Let $(U, \|\cdot\|_U)$ be a Banach space, $(H_k, \|\cdot\|_k)_{k\in\mathbb{N}}$ be a sequence of Hilbert spaces and denote by

$$\tag{1}H:=\bigoplus_{k=1}^\infty H_k \equiv \left\{h=(h_k)\ \middle| \ h_k \in H_k, \,\forall k\in\mathbb{N} \quad \text{and} \quad \|h\|_H^2:=\sum_{k=1}^\infty\|h_k\|_k^2 < \infty \right\}$$

the $\ell^2$-direct sum of these spaces (which is known to be a Hilbert space itself).

Let further $\pi_k : H \rightarrow H_k$, $\pi_k((h_k)) := h_k$, be the projection of $H$ onto its $k^{\mathrm{th}}$-component.

Question: Is it true, then, that a (not necessarily linear) map $T : U \rightarrow H$ is $\textit{continuous}$ if its projections

$$\tag{2}T_k := \pi_k\circ T \quad \text{are continuous} \quad \text{for each } \ k\in\mathbb{N}?$$

Remark: If necessary, it may be assumed that each of the $H_k$ are finite-dimensional.
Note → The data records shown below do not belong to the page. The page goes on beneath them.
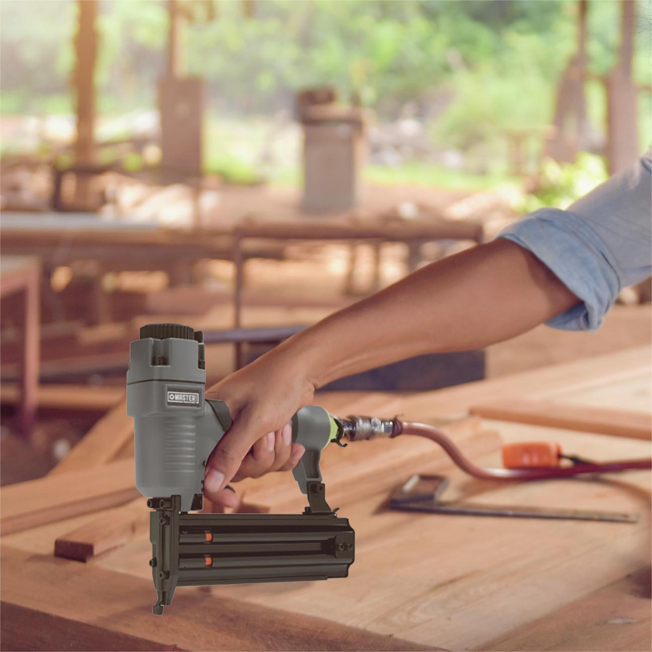 Designed for both hobbyists and professionals, the Master Mechanic Brad Nailer delivers reliable, consistent performance on every project. This Brad nailer is the ideal tool for both professional contractors and DIY enthusiasts. Whether you're installing base molding, crown molding, door casings, or tackling intricate trim work, this versatile brad nailer offers precision and ease of use. Constructed from durable, lightweight die-cast aluminum, it ensures maximum comfort and long-lasting performance, allowing you to work on extended projects without experiencing fatigue.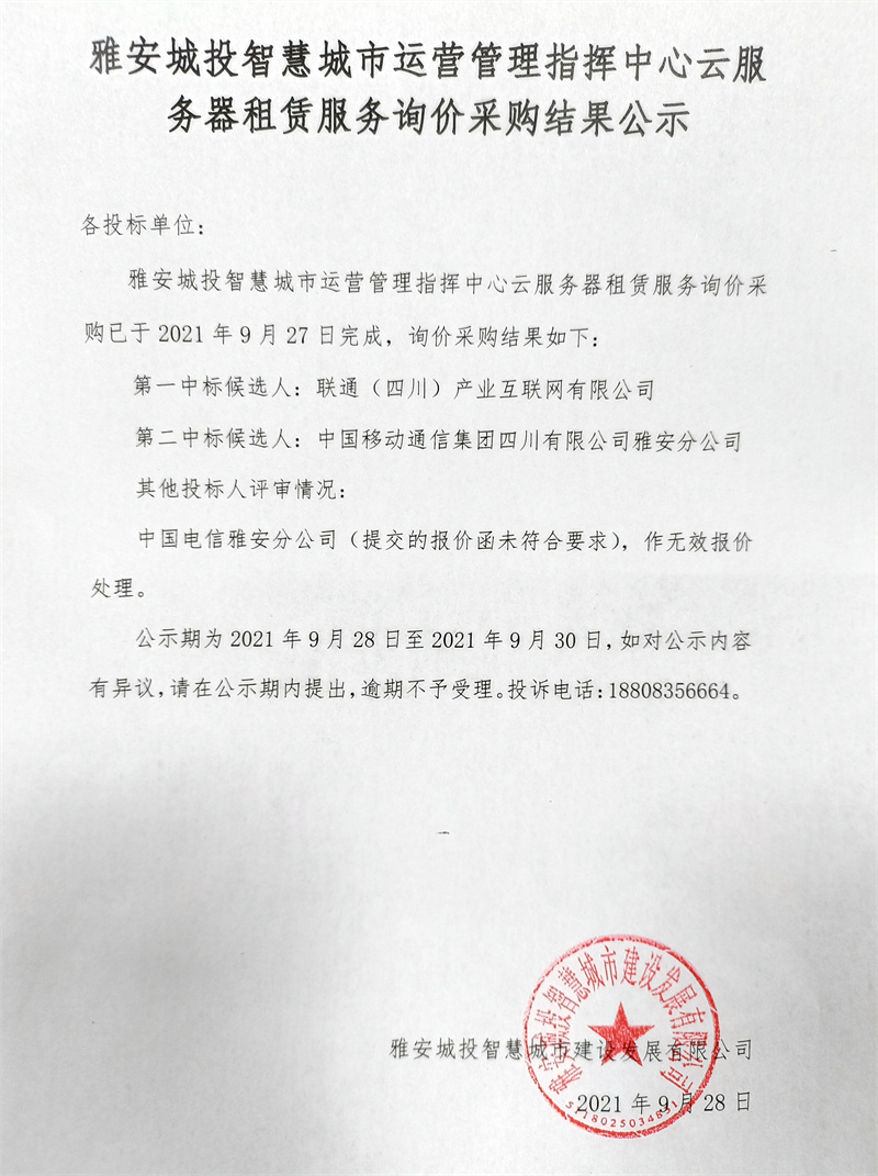 雅安城投智慧城市運營管理指揮中心云服務(wù)器租賃服務(wù)采購詢價結(jié)果公示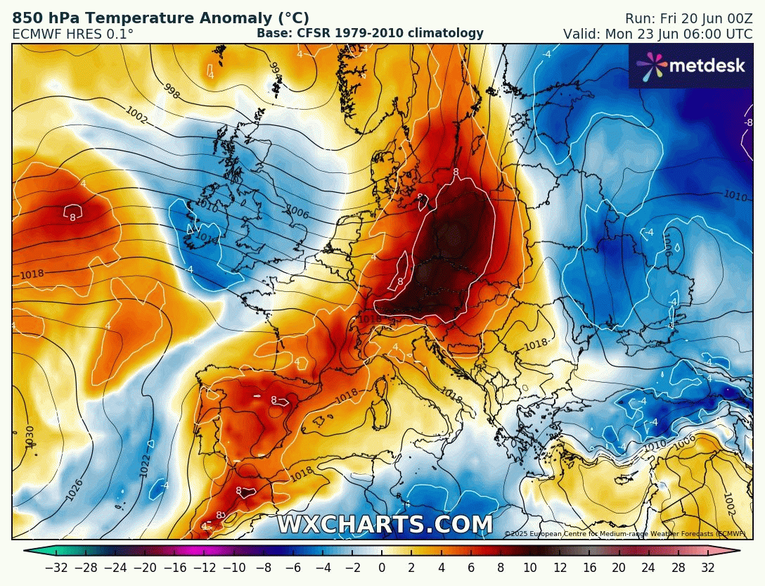 Animation des anomalies de températures à 850 hPa sur l'Europe du 23 au 27 juin 2025 - Modèle ECMWF-HRES via WX CHARTS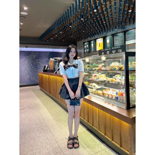Set Áo Pha Tay Bồng Kèm Chân Váy Li Cạp Có Ảnh Thật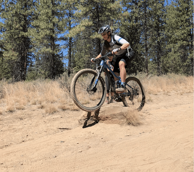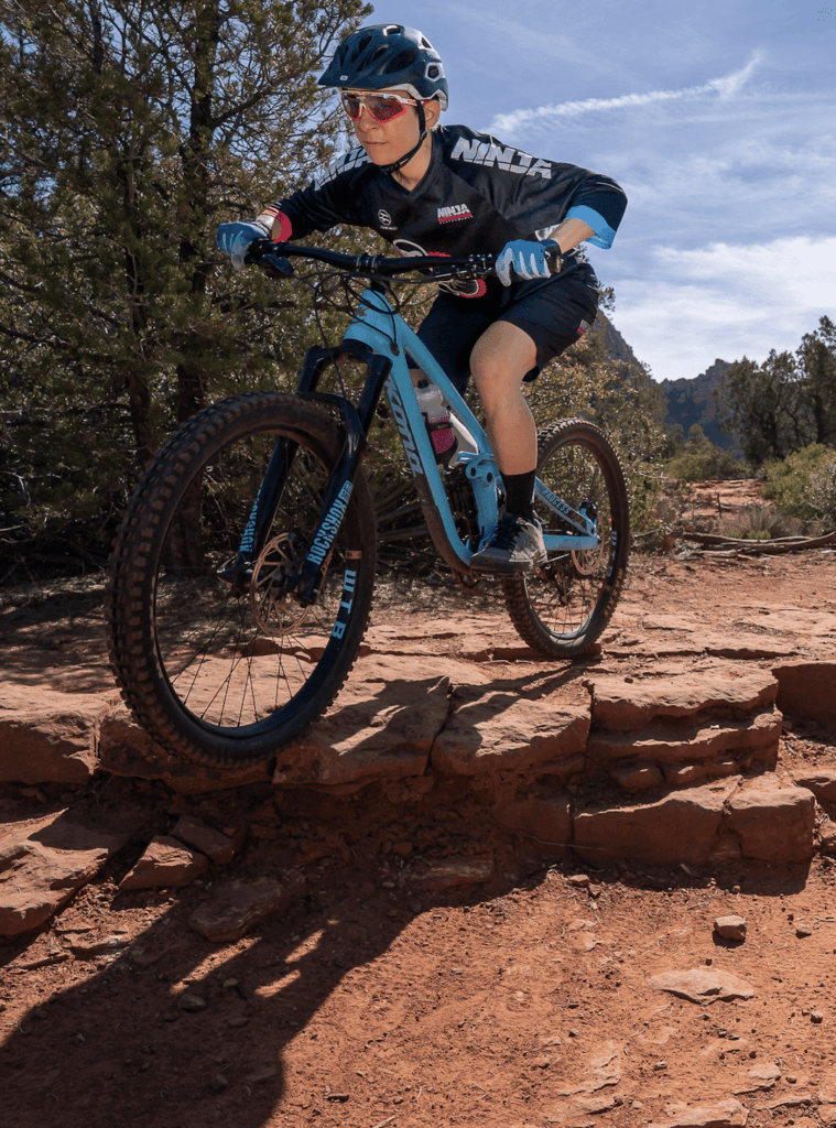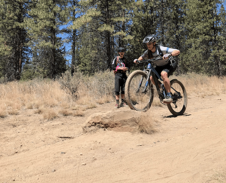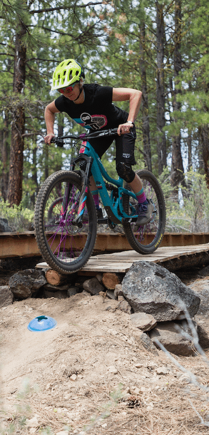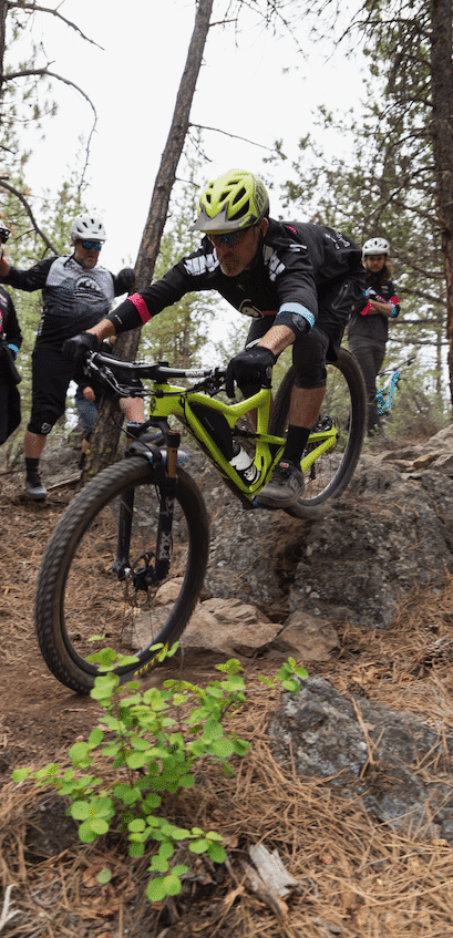 As your rear wheel transitions down the backside of the obstacle, bring your weight forward in order to return even weight to both of your wheels. Keep your head up and looking ahead. This recovery step is SUPER important. If you stay in the “push” position (aft on the bike), your arms would be locked out, preventing you from properly absorbing even the smallest rocks or obstacles on the trail below the drop. You also run the risk of looping over backwards if you don’t quickly recover back to your ready position – yikes!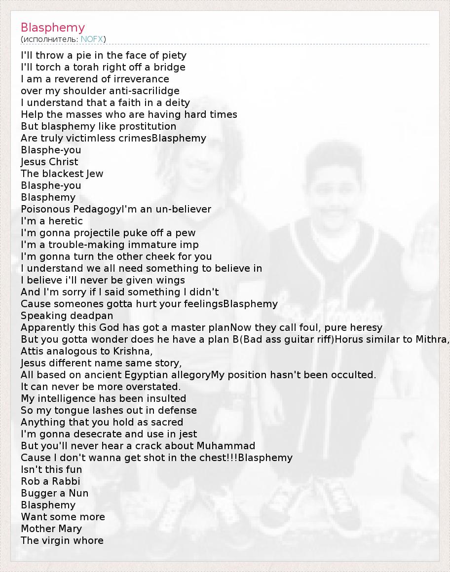 А как ты думаешь, о чем песня "Blasphemy" ?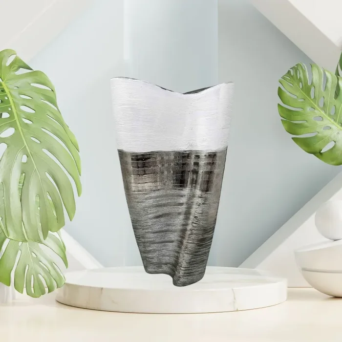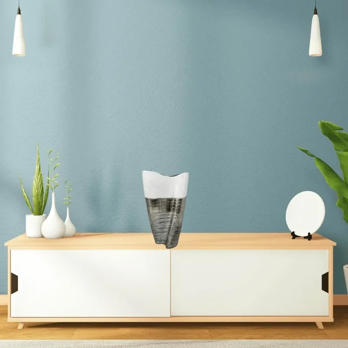 Aufwendig hergestellt besteht diese Vase aus Keramik in den Farben weiß und silber. Die Blumenvase ist mit einem silbernen Rand versehen, welcher der Vase ihren besonderen Charme verleiht. Die Vase hat eine Gesamthöhe von 35 cm. Gefüllt mit künstlichen Blumen, Blumensträußen oder Grünzusätzen für ein beeindruckendes Gesamtbild, das sofort Wohnzimmer, Schlafzimmer, Lounges und Büros verschönert. Wunderbares Akzentstück für Couchtische oder Beistelltische. Bietet ein modernes Gefühl, um die Persönlichkeit Ihrer Wohnkultur zu betonen. Perfekt für den täglichen Gebrauch, Hochzeit, Veranstaltungen, Events, Restaurants und andere besondere Anlässe. So vereinen sich natürliche Strukturen, modernes Design und traditionelle Verarbeitung zu einem hochwertigen Wohnaccessoire, das sich sehen lassen kann. BESONDERES GESCHENK die dekorative und moderne Tischvase eignet sich auch als hochwertige Überraschung oder originelle Geschenk-Idee für einen lieben Menschen oder als Dekoration für feierliche Anlässe wie Hochzeit, Geburtstag, Weihnachten und Jubiläum.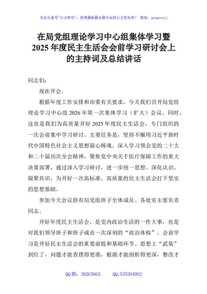 / 在局党组理论学习中心组集体学习暨2025年度民主生活会会前学习研讨会上的主持词及总结讲话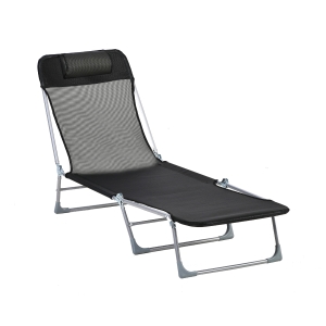 Outsunny Espreguiçadeira dobrável e reclinável de jardim com apoio de cabeça e encosto ajustável em 5 níveis Tecido textilene respirável 182x56x24,5 cm preto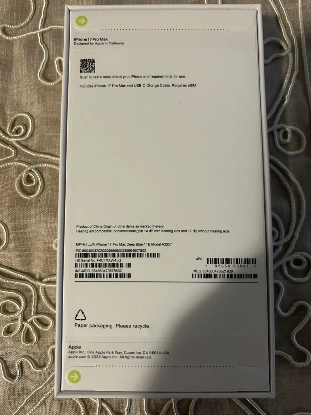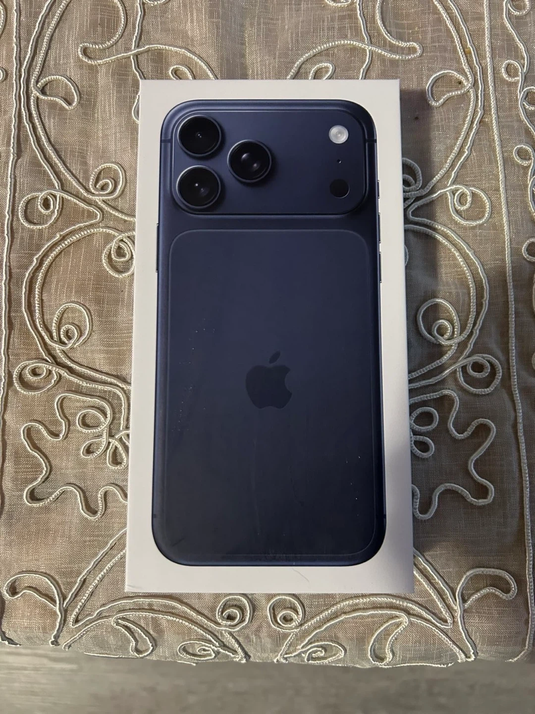 This is an Apple iPhone 17 Pro Max. It's a Deep Blue colour with 1TB of storage. Includes iPhone 17 Pro Max and USB-C Charge Cable, requires eSIM.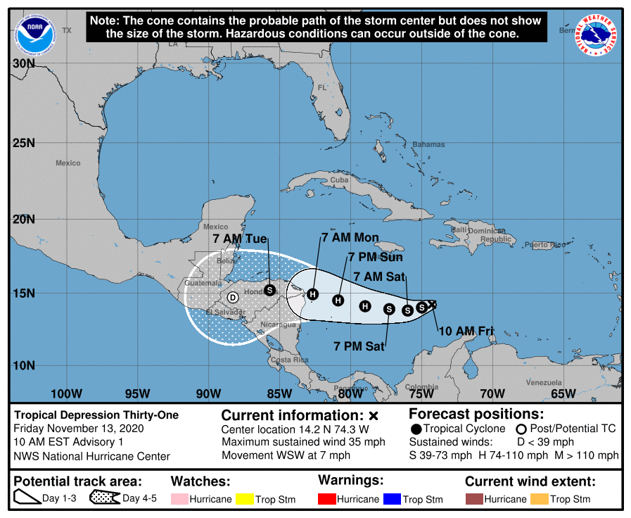 El Centro Nacional de Huracanes de los Estados Unidos (NHC) informó este viernes que la onda tropical ubicada al este del Mar Caribe ya se convirtió en la Depresión Tropical #31 de este año, y que se proyecta un fortalecimiento hasta el grado de huracán en los siguientes días.

Any references, hints or proofs (or indeed counterexamples) that cover this are appreciated!

(This is not a homework question.)

Answer 1

Here is a counter example: take $U={\mathbb R}$ and $H_k={\mathbb R}$, for all $k$, so that $H=\ell ^2$.

Let $f:{\mathbb R}\to {\mathbb R}$ be the function whose graph is a triangle with vertices $(0,0)$, $(1,1)$, and $(2,0)$, hence vanishing identically on $(-\infty ,0]\cup [2,\infty )$, and consider the map $$ T:U\to H=\ell ^2, $$ given by $$ T(x) = \big (f(x), f(2x), f(3x), \ldots \big ). $$ Then clearly $\pi _k\circ T$ is continuous for all $k$. However $$ \|T(0)-T(1/n)\| = \|T(1/n)\| \geq $$$$ \geq \|\pi _n\big (T(1/n)\big ) )\| = |f(1)| = 1, $$ so $T(1/n)$ does not converge to $T(0)$, hence $T$ is not continuous at 0.